- [Activity] From the first line to the last, write out the records exactly, leaving out images.

- [Dataset entries]

▼▼▼

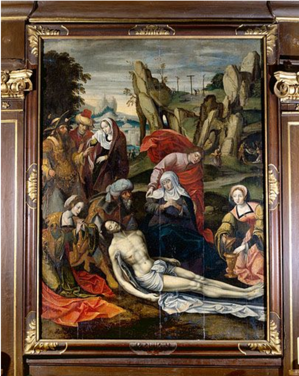
Tableau : la Déposition de croix (Foucherans, église paroissiale Saint-Martin).
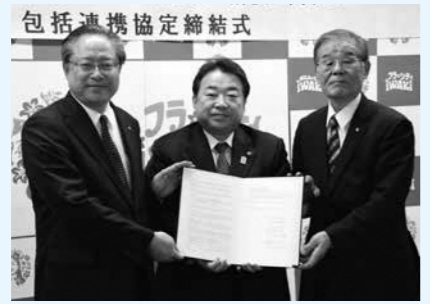
包括連携協定締結式

同協定に基づき、包括的な連携のもと、地域産業の振興および中小企業の支援や、地域課題の解決などについて、相互に協力しながら、さまざまな取り組みを実施してまいります。
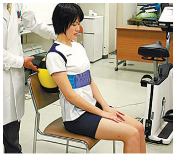
ミカサは健康グッズも開発。背筋力を鍛える製品を試着する女性。

品を開発し続けてきた。その人間関係が大きい。自社工場を持つているので、選手の意見を聞き、大学研究室などの協力も得ながら、試作を繰り返すことができます。

▲▲▲

- [Result of this exercise]
Tableau : la Déposition de croix (Foucherans, église paroissiale Saint-Martin).
包括連携協定締結式

同協定に基づき、包括的な連携のもと、地域産業の振興および中小企業の支援や、地域課題の解決などについて、相互に協力しながら、さまざまな取り組みを実施してまいります。
ミカサは健康グッズも開発。背筋力を鍛える製品を試着する女性。

品を開発し続けてきた。その人間関係が大きい。自社工場を持つているので、選手の意見を聞き、大学研究室などの協力も得ながら、試作を繰り返すことができます。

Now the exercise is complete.